Andrew L. Urban
Society does not want prosecutors to win convictions in circumstantial cases based on speculation. It is also impermissible. If it weren’t for professional immunity, the practice would cease.
The Crown’s circumstantial case against Robert Xie relied heavily on speculation supported by unreliable and flimsy testimony from a criminal in custody working as a snitch for his own benefit. Xie was convicted of the brutal multiple murder of five members of his wife’s family as a consequence. The Crown relied on the snitch’s testimony to negate Xie’s alibi. The Crown also speculated about the time of death of the victims. There was no direct evidence against Xie.
The verdict was delivered at the fourth trial, after the third trial ended in a hung jury. By then, Xie’s resources had been depleted. Former prosecutor now defence barrister Margaret Cunneen SC argues that the accused should not have to pay the costs of litigation after a hung jury; the state should pay. “It’s not their fault the jury couldn’t deliver a verdict,” she says.
Professional immunity protects prosecutors from potential consequences of the unethical practice of using speculation to poison the jury’s mind. Some judges are alert to the danger; not all.
In Xie’s fourth and ultimate trial, the trial judge, Justice Elizabeth Fullerton, failed to challenge the prosecution’s speculation that all the victims were killed after 2am – which is the timeframe that the prosecution claimed, without evidence. Xie’s alibi covered that time frame.
For another example, the judge in the murder trial of Sue Neill-Fraser, Alan Blow (now Chief Justice of Tasmania) reinforced the prosecutor’s speculation about a hypothetical murder weapon – a wrench – several times in his summing up:
Transcript p1542-1543: So let’s take the example of hitting a man on the head with a wrench. If an assailant who has no wish to kill the victim hits the victim on the head with a wrench very hard you might think that that’s intended – you might be satisfied beyond reasonable doubt that that’s intended to cause bodily harm and that that’s the sort of bodily harm that’s likely to cause death.
So if an assailant hits someone on the head with a wrench, for example, and if that sort of bodily harm that’s intended, a head injury caused with a wrench, is something that could well cause death and the assailant knows that that’s the sort of bodily harm that could well cause death then that’s murder.

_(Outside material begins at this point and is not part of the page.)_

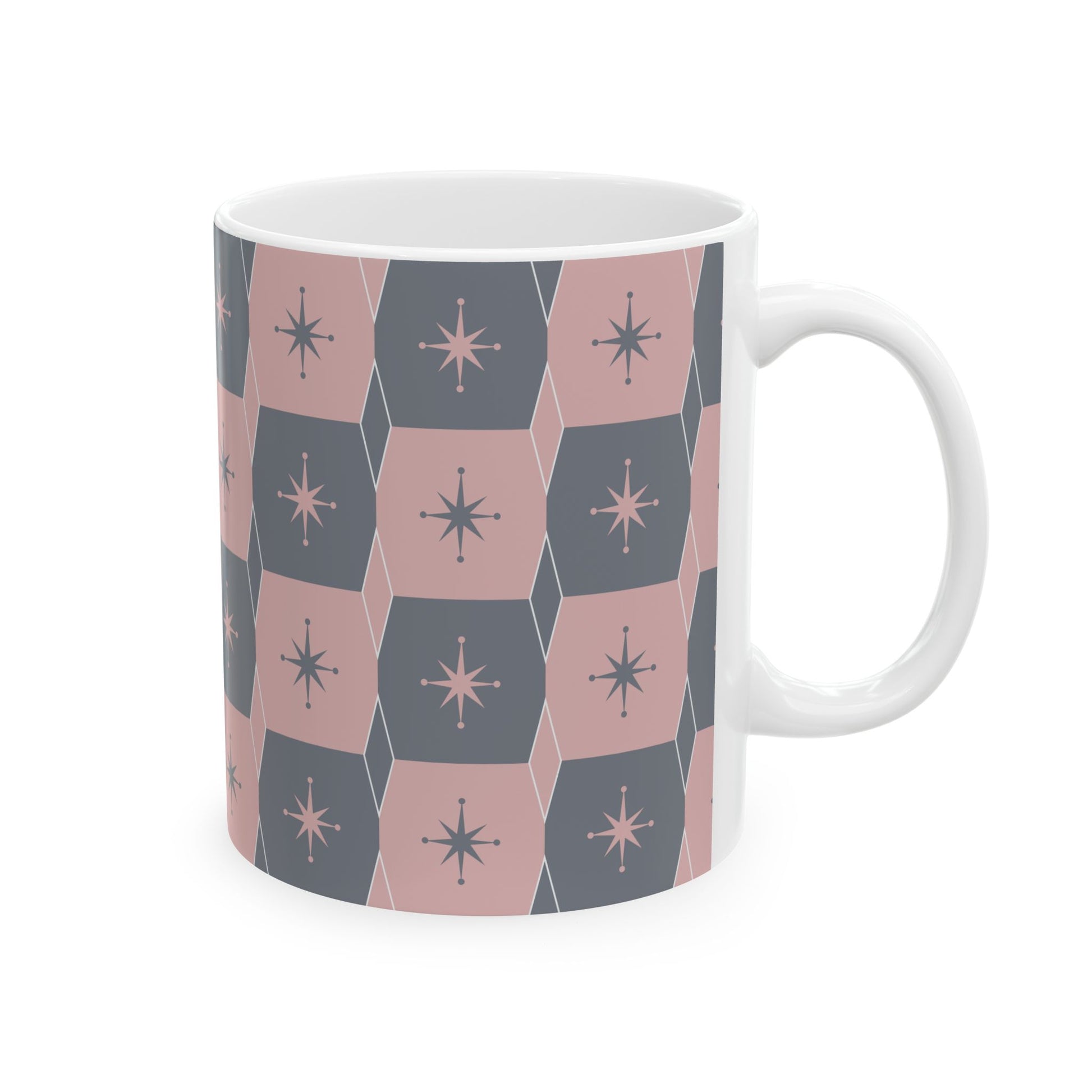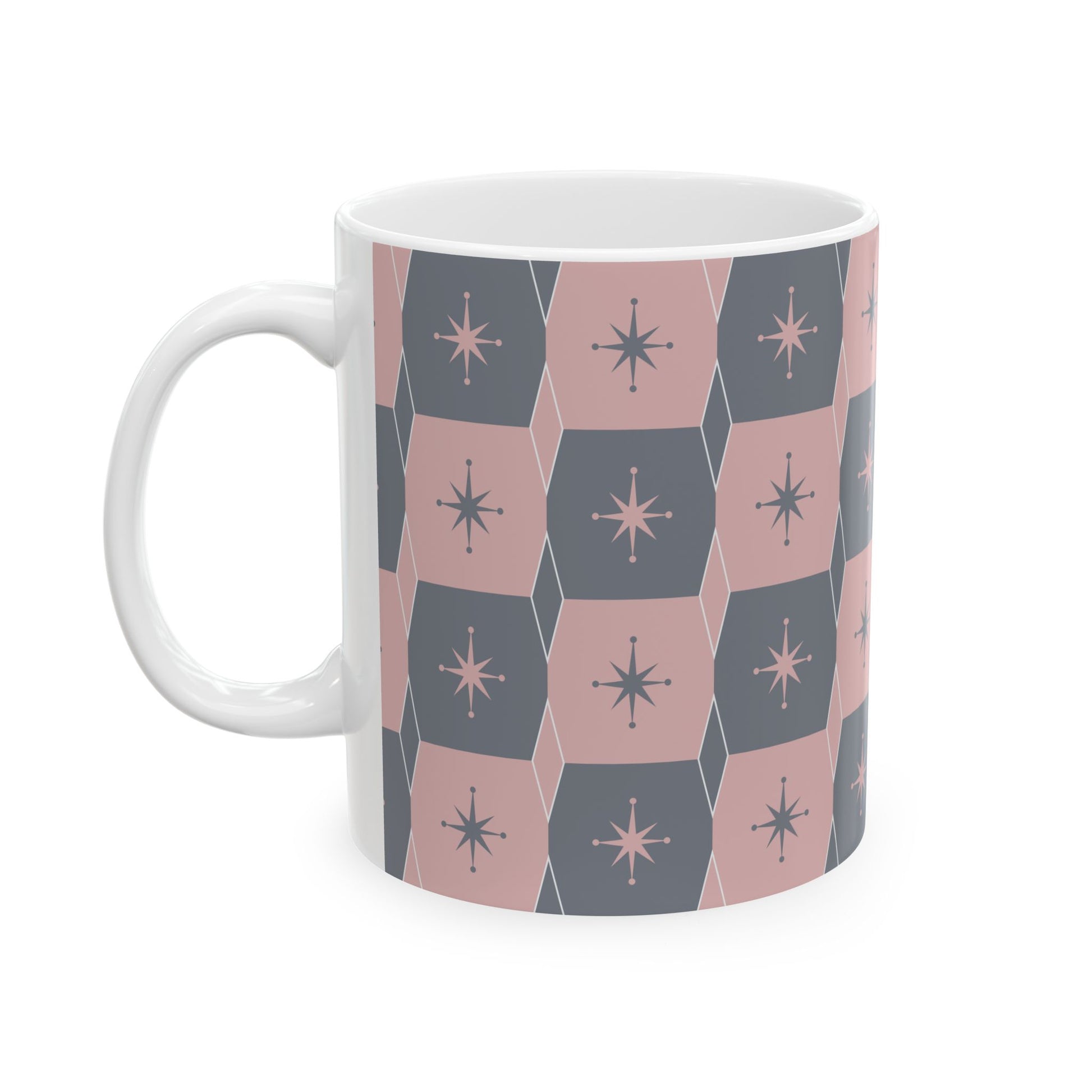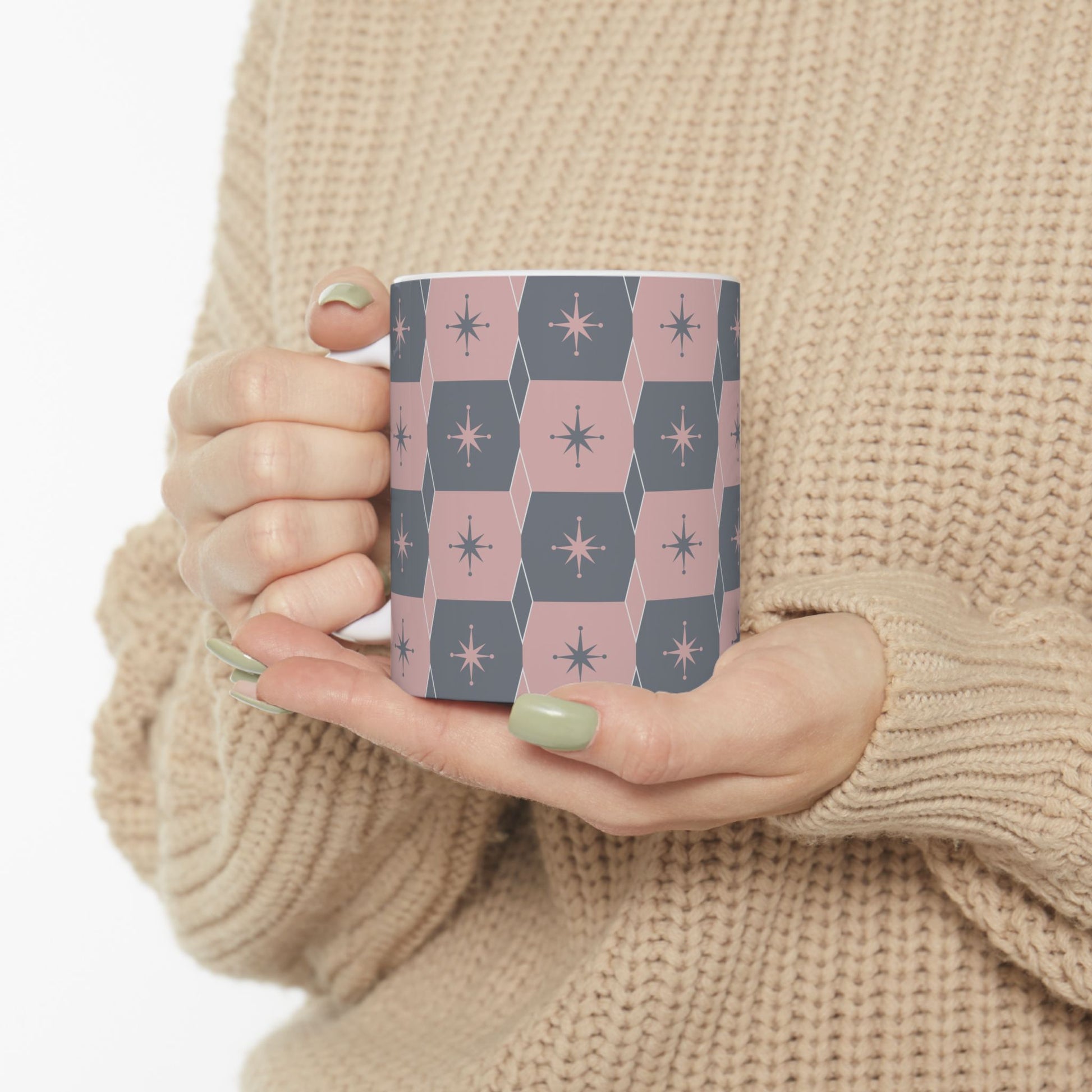 This ceramic mug brings a quiet, modern-retro calm to your morning ritual. Muted rose and slate hexagons wrap around the glossy white body, each inset with a delicate starburst that feels like a tiny vintage finding—subtle, stylish, and quietly confident. It warms hands and mood the same way a slow playlist and soft light do: familiar, steady, and thoughtfully designed. Slide it onto your desk during a creative stretch, keep it on the kitchen shelf for slow weekend coffee, or let it stand out on a bedside tray for tea before bed. The pattern reads as mid-century-modern with a contemporary softness—made for people who notice small details and collect moments rather than noise.
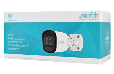 Δικτυακή κάμερα της Uniarch (Powered by Uniview Tech), με αισθητήρα ανάλυσης 4MP, φακό 2.8mm και εύρος υπέρυθρων IR έως 30m. Υποστηρίζει τροφοδοσία PoE και εξοπλίζεται με εσωτερικό μικρόφωνο για μεταφορά ήχου. Το σώμα της κάμερας είναι κατασκευασμένο από ανθεκτικό υλικό με στεγανοποίηση επιπέδου IP67, γεγονός που την καθιστά κατάλληλη για χρήση σε εξωτερικούς χώρους.

For example, if the assailant thinks, ‘I don’t care whether he dies or not, I’m so angry with him I’m going to hit him on the head with this wrench and that’ll really hurt him’, then that can amount to murder.
There was no wrench presented in evidence. Indeed, there was no body on which injuries could be examined, yet the prosecutor even speculated about what injuries the victim may have had. This circumstantial case even features speculation that Neil-Fraser was at the crime scene at the relevant time.
Gordon Wood was convicted in 2008 of the murder of Caroline Byrne, whose body was found early morning on June 8, 1995, on the rocks at The Gap, a notorious suicide spot on Sydney’s Eastern coast. In 2012 the Court of Criminal Appeal set aside his conviction and entered a verdict of acquittal. The Chief Justice made it clear in his judgement that even the most basic elements of the case had failed to be established. “I am not persuaded that Wood was at The Gap at the relevant time.” He concluded that the verdict of the jury could not be supported having regard to the evidence.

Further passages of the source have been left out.